Ariane Mora is a computational biologist and machine learning researcher specializing in the development of AI-driven methods for enzyme engineering. Ariane Mora’s training bridges molecular biology, AI, and software engineering.
Ariane Mora - Starting Principal Investigator
Ariane Mora = Impact-Driven + Climber + Australian + Open-Source Enthusiast + Collaborative
Ariane Mora is a computational biologist and machine learning researcher specializing in the development of AI-driven methods for enzyme engineering. Her interdisciplinary career integrates synthetic biology, open-source software development, and high-throughput experimentation to uncover and reprogram biological function across diverse systems. As a Schmidt Science Fellow at the California Institute of Technology, her research focused on harnessing machine learning to accelerate enzyme discovery and design for bioremediation. As a PI at AITHYRA, she combines her PhD work using unsupervised models to understand development and disease with her postdoctoral work in enzyme engineering to build an interdisciplinary research group at the interface of ML and biology.
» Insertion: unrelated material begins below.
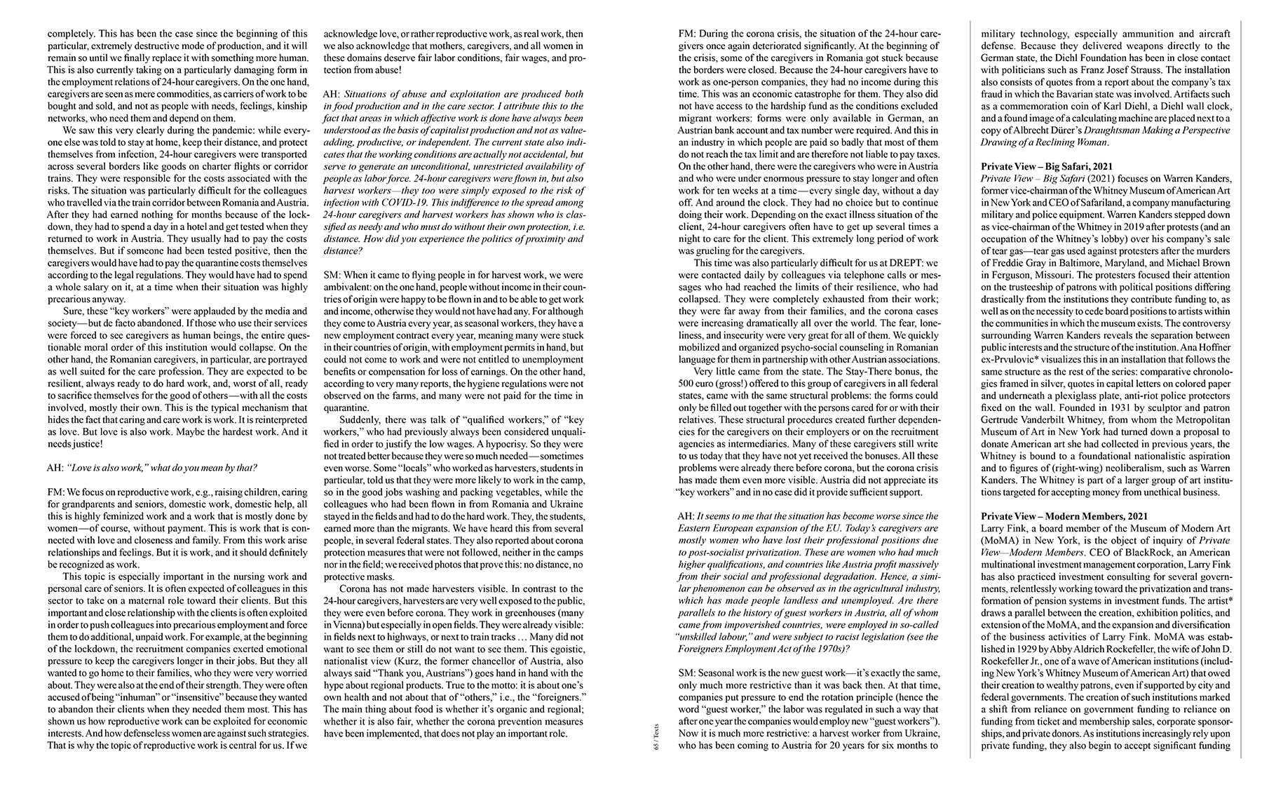 The series Private View tackles investment in art institutions from the weapons industry, hedgefund companies, and investors of Nazi heritage, thus, in a self-reflexive movement, questioning the capacity of the art field itself to welcome, support, and stand for minoritarian alternatives and non-aligned thought. In Active Intolerance, Ana Hoffner ex-Prvulovic's research tackles diverse forms of exploitation of labor in enclosed environments, namely the factory and the prison. The artist once again investigates the liberal and capitalist political project and its relentless construction of, on the one hand, working, consuming, complying, and reproducing bodies and, on the other, of those, who are to be exploited.

Dr. Mora completed her Ph.D. at The University of Queensland (UQ), Australia, in 2023. Her thesis developed machine learning frameworks to model the dynamics of chromatin state and cell fate transitions, including a research collaboration with the MRC Cancer Unit at the University of Cambridge. She holds a First-Class Honours degree in Electrical and Computer Engineering (B.E., UQ) and completed an exchange at the National University of Singapore. Her training bridges molecular biology, AI, and software engineering.
Orchid number: https://orcid.org/0000-0003-1331-8192
LinkedIn: https://www.linkedin.com/in/ariane-mora-786894b3/
Github: https://github.com/ArianeMora
AI Driven Enzyme Discovery
The research group of Ariane Mora aims to understand how enzymes function and thus how to design and engineer them for maximum health/environmental impact. Specifically 1) Can we predict which enzymes will interact with a new drug or chemical? 2) Can we use this knowledge to accelerate the design of new antibiotics? While motivated by the biomedical question, the team will solve problems through the creation of large datasets, open-source software, ML models, AI agents, and robotics feedback loops.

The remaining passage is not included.